The BEC section of the CPA exam requires you to understand the common types of cyber attacks and organizations can implement controls to prevent or detect these cyber attacks. Cybersecurity is the practice of protecting organizations from these cyber attacks. With the increasing reliance on systems and networks, the need for cybersecurity is more important than ever.

What are some key definitions related to cybersecurity?

Malware: Malware is basically the generic term that covers cyber attacks where the hacker plants malicious code in the network of a company or individual. Forms of malicious code include viruses, worms, spyware, etc.

Bots, zombies, and botnets: This is quite the sequence to understand. So basically, a hacker can take over a computer, which is referred to as a bot. So in step #1, the hacker then infects the bot with malware to transform the bot into a zombie. The hacker now has complete control over the computer and can instruct the zombie to carry out any task.

In step #2, the hacker can then take hundreds of zombies and create a botnet. The hacker now controls the botnet and can have hundreds of zombies all carry out a cyberattack all at once (see the various types below).

What are the different types of cyber attacks?

Below is a list of common cyber attacks that you should be familiar with.

1) Phishing attack: This is the most common type of cyber attack and this occurs when a hacker sends a fake email to consumers or organizations. The hacker will have the email mimic a company that consumers consider to be well-trusted. When the consumer opens the email, the hacker then has access to the consumers computer and will collect personal information and/or infect the computer with a virus. A phishing attack is very similar to a pharming attack, except a pharming attack redirects users to fake websites.

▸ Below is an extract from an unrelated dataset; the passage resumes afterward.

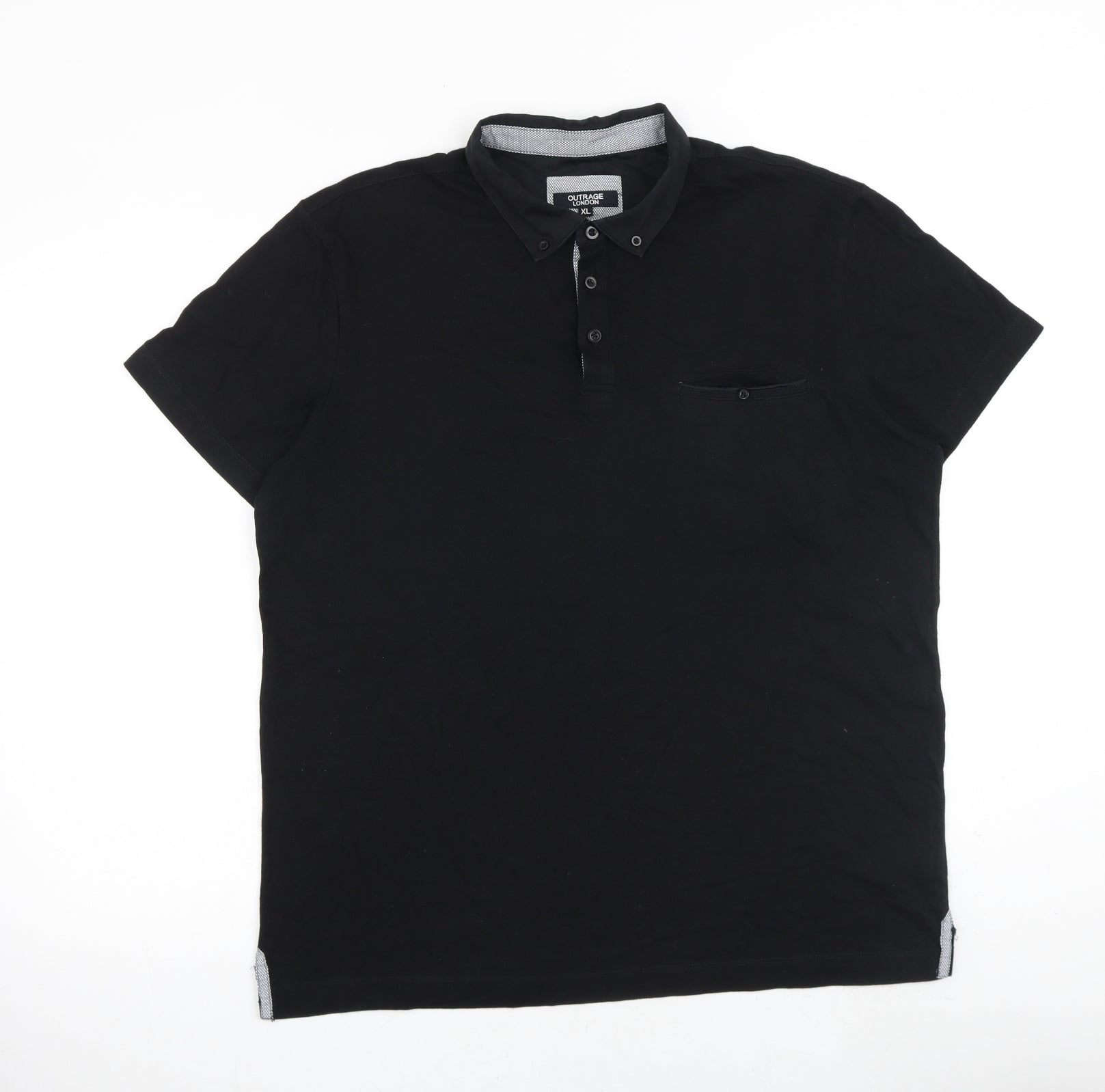 Outrage London Mens Black 100% Cotton Polo Size XL Collared Button

2) Pharming attack: A pharming attack occurs when a hacker redirects a consumer to fake website that mimics a real website that the consumer is attempting to access. For example, if the consumer attempts to go to universal.com, the hacker will redirect the user to a fake website and gain access to the consumers computer. Once the hacker has access, the hacker will steal personal information and/or infect the computer with a virus.

3) Smishing attack: A smishing attack is when a hacker attempts to gain access to a users phone by sending a text message will malicious code. If the user opens the text message, the hacker will be able to retrieve personal information that is on the phone.

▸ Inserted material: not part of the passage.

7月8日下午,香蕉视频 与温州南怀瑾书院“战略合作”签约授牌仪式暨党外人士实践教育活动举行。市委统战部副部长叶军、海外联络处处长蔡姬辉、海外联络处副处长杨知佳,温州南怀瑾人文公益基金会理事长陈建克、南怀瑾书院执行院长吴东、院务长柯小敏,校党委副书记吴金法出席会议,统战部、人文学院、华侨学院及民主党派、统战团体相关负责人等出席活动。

4) Formjacking attack: A formjacking attack is when a hacker inserts malicious code into the online checkout of a valid website. Then, when a user completes the checkout on the valid website, the code will transmit credit card information back to the hacker.

5) Ransomware: Ransomware is an attack whereby the hacker inserts malicious code into a company network through a flaw in their security. The malicious code then begins to lock the company out of their own network. In order to unlock the network, the company must pay “ransom” or cash to the network (hence the term ransomware). If a company doesn’t have all of their data backed-up, then they will be forced to pay the ransom to the hacker to recover their data and network.

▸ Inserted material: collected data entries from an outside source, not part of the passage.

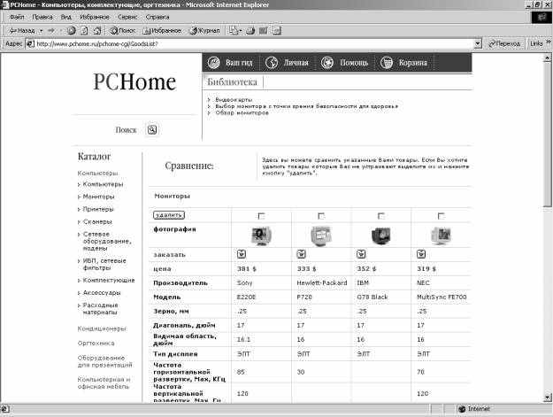 Например, интернет-магазин PCHome (www.pchome.ru) наряду с оказанием услуг по продаже товаров, предлагает потребителям возможность сравнения их характеристик. На рис. 6.1. представлена страница сайта, сформированная после выбора для сравнения ряда моделей компьютерных мониторов.
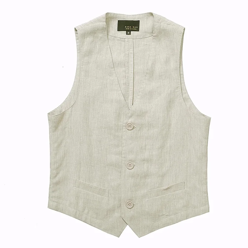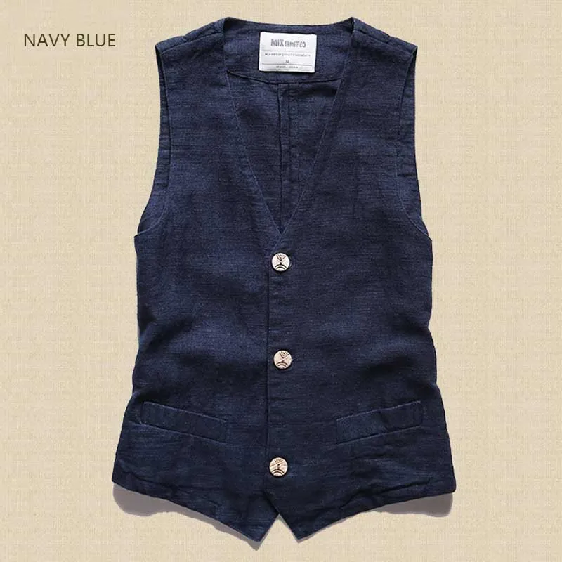 Summer Linen Suit Vest Men Casual Slimming Vest Office Formal Dress Wedding Waistcoat Male Clothing White Blue Black Plus Size
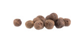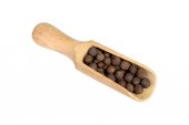 Allspice w drewnianej łyżce, izolowane na białym tle. Pieprz jamajski, jagoda pimento, ziele pieprzowe lub pieprz mirtowy. Widok z góry.

6) Spyware: Spyware is a cyber attack where the hacker inserts malicious code in a company’s network and then sits silently in the background. The malicious code will track all activity in the company’s network and send data and information back to the hacker. Unless the company detects the spyware, the company not identify that data and information was stolen by the hacker.

7) Supply chain attacks: A supply chain attack is when the hacker inserts malicious code into an application in the supply chain and then the malicious code spreads to other applications in the supply chain. Basically, the hacker targets a weakness in the network, implants the malicious code, and then lets the network spread the malicious code itself.

8) Distributed denial of service (DDoS) attack: A distributed denial of service attack is when a hacker send a large amount of website traffic or pings to a network to try and slow it down or completely shut it down. Every network has a threshold for web traffic that it can handle at a given time, and if the hacker can exceed that threshold, then they will successfully shut down the network.

9) Trojan malware: Trojan malware is intended to be disguised as legitimate software to the user. Since the software appears the legitimate, the user downloads the software, and then the hacker infects the users system with the malware. The hacker then retrieves data and information from the users system without the user knowing. It is called trojan malware because the Greeks used a trojan horse to infiltrate the city of Troy. All of the warriors hit inside the Trojan horse, and the city of Troy brought the horse inside the city walls.